Listening example of four different egg shakers

Egg shaker solo

An egg shaker or ganzá is a hand percussion instrument, in the idiophone category, that makes a noise when shaken. Functionally it is similar to a maraca. Typically the outer casing or container is ovoidal or egg-shaped. It is partially full of small, loose objects, such as seeds or beads, which create the percussive sounds as they collide, both with each other and with the inside surface of the container. The egg shaker is a Latin American instrument, cheap to buy and relatively simple to play.

==Playing styles==
The egg shaker can be played in a number of ways.
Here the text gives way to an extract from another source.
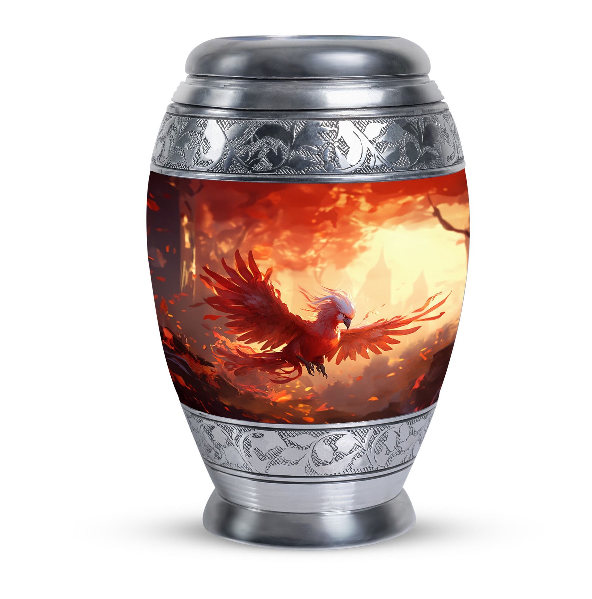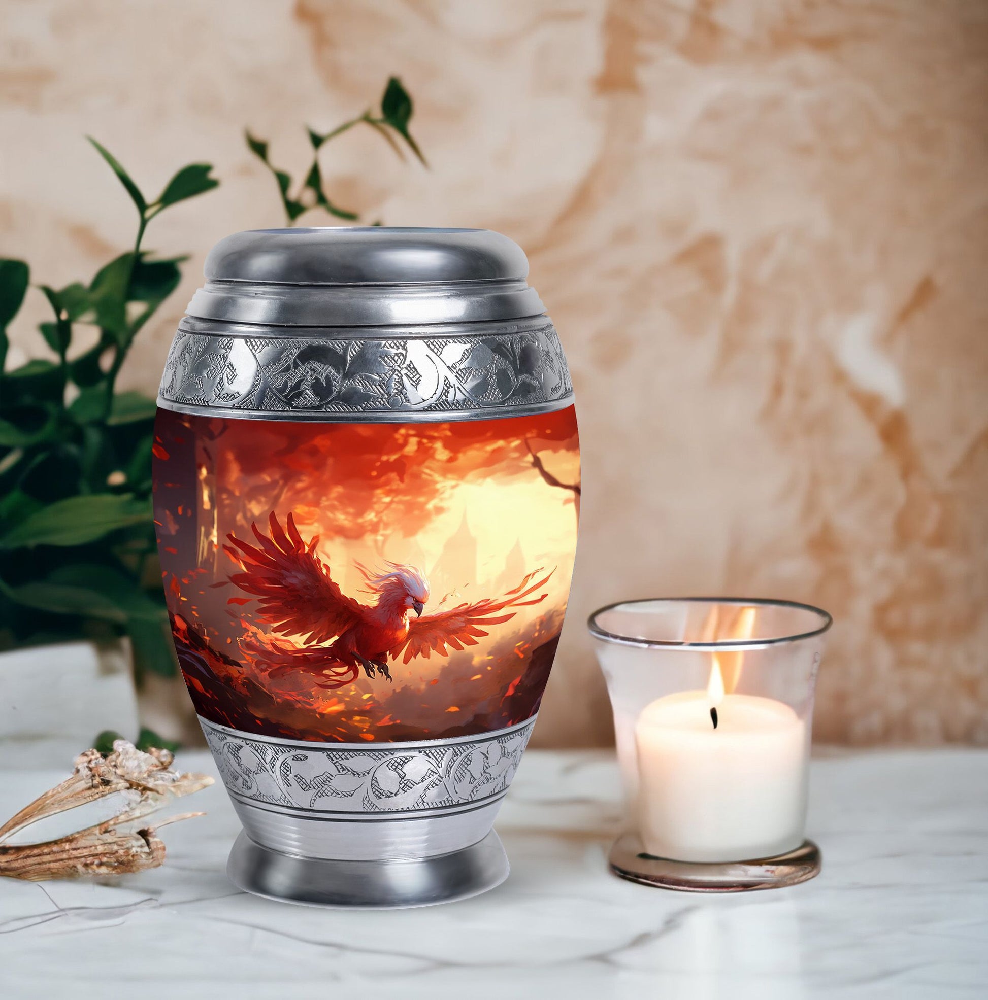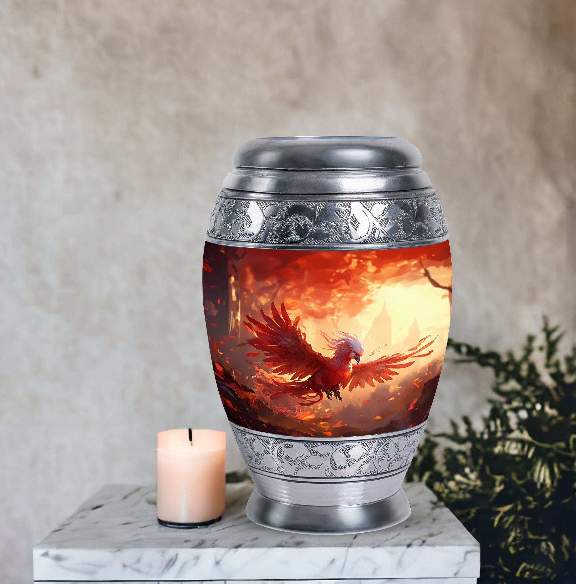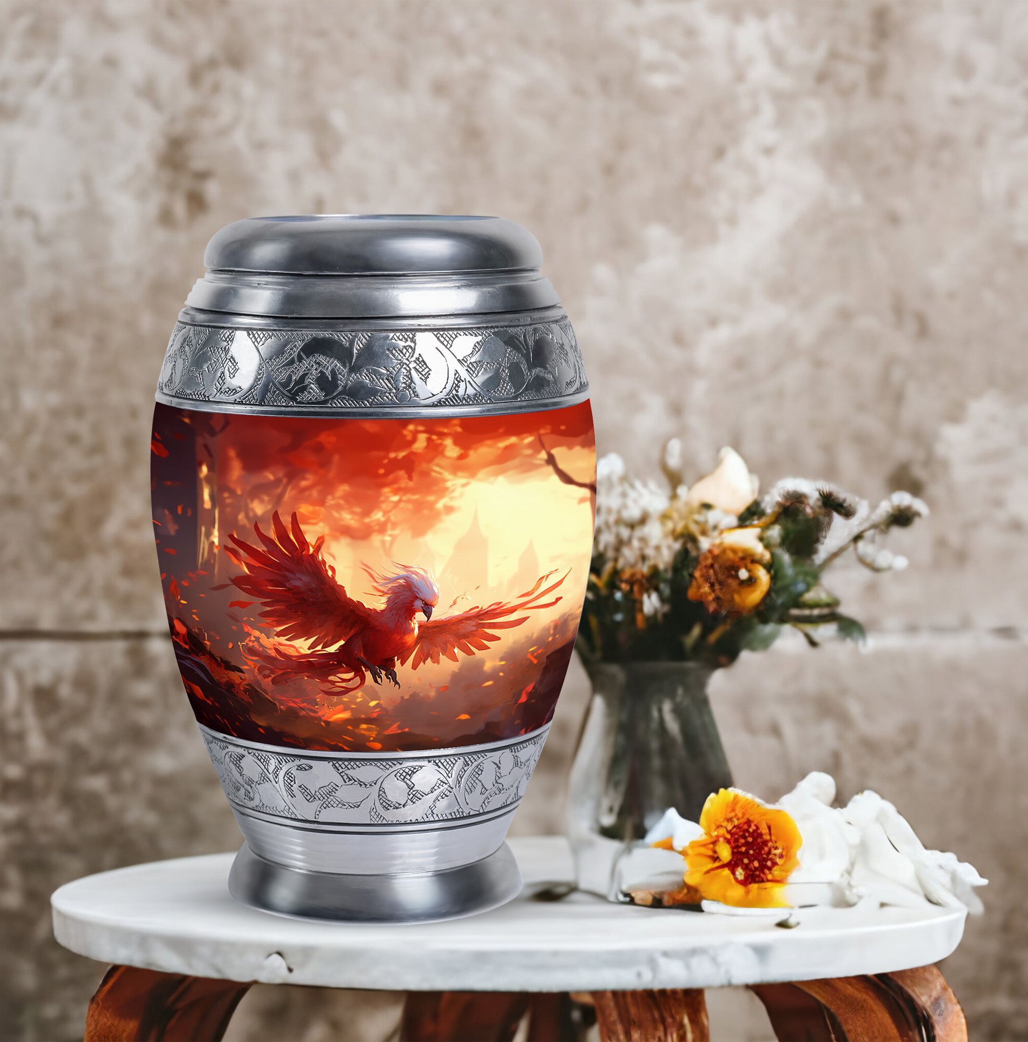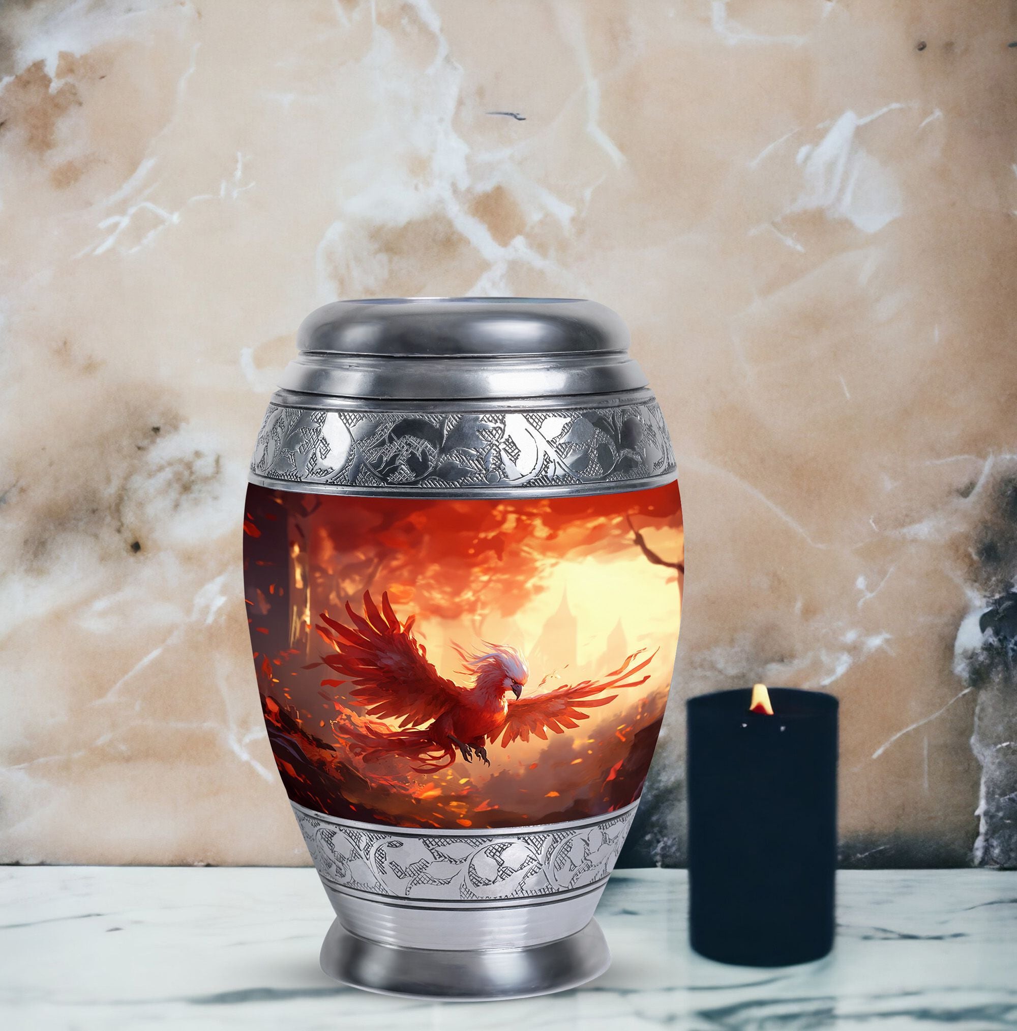 Honor your loved ones with our Red Phoenix Urns for Human Ashes, a perfect emblem of eternal respect and love. Constructed with premium aluminum, these Large Urns boast a timeless and classic urn design, which effortlessly makes an elegant statement. With a capacity of 200 cubic inches, it serves as a fitting memorial for your cherished one's final disposition. It weighs 3.3 pounds and stands at 10 inches in height, making it a prominent keepsake to symbolize your undying affections. The urns come with a velvet pouch for containment of ashes, ensuring a respectful repose for your beloved. You can further personalize these Metal Urns with engraved names, creating a unique tribute that truly resonates with your sentiments. Whether you are looking for Urns for Dad, Cremation Urns for Burial, Decorative Urns for Human Ashes, or a Modern Urn, this commemorative piece merges tradition and contemporary aesthetic in one. Note: the urn’s size measures at 3 inches. Honor their memory in a meaningful way, because their legacy deserves nothing less.

It can be shaken up and down to create a fast percussion line or from side to side creating a slightly different sound. It is used alongside other instruments like maracas, but also in samba groups and mariachi bands using instruments such as the drumkit, piano, saxophone, bass guitar, violin, the vihuela, guitarrón, trumpet, occasionally acoustic guitar or electric guitar, and the voice.

==Construction==
The egg shaker is created with a plastic mould, the main shape created in two halves. One half is filled with metal beads or seeds and then both halves are fitted together. Another sound can be made by holding the shaker in the palm of the hand tightly, then opening it whilst shaking it up and down. This makes a whirling sound not possible with other percussion instruments.

==Availability==
Egg shakers are available in a number of colours, and are sold in most music shops at a reasonably low price, due to the use of inexpensive materials like plastic and seeds. They are often sold in packets alongside other similar percussion instruments such as maracas, tambourines, finger cymbals etc.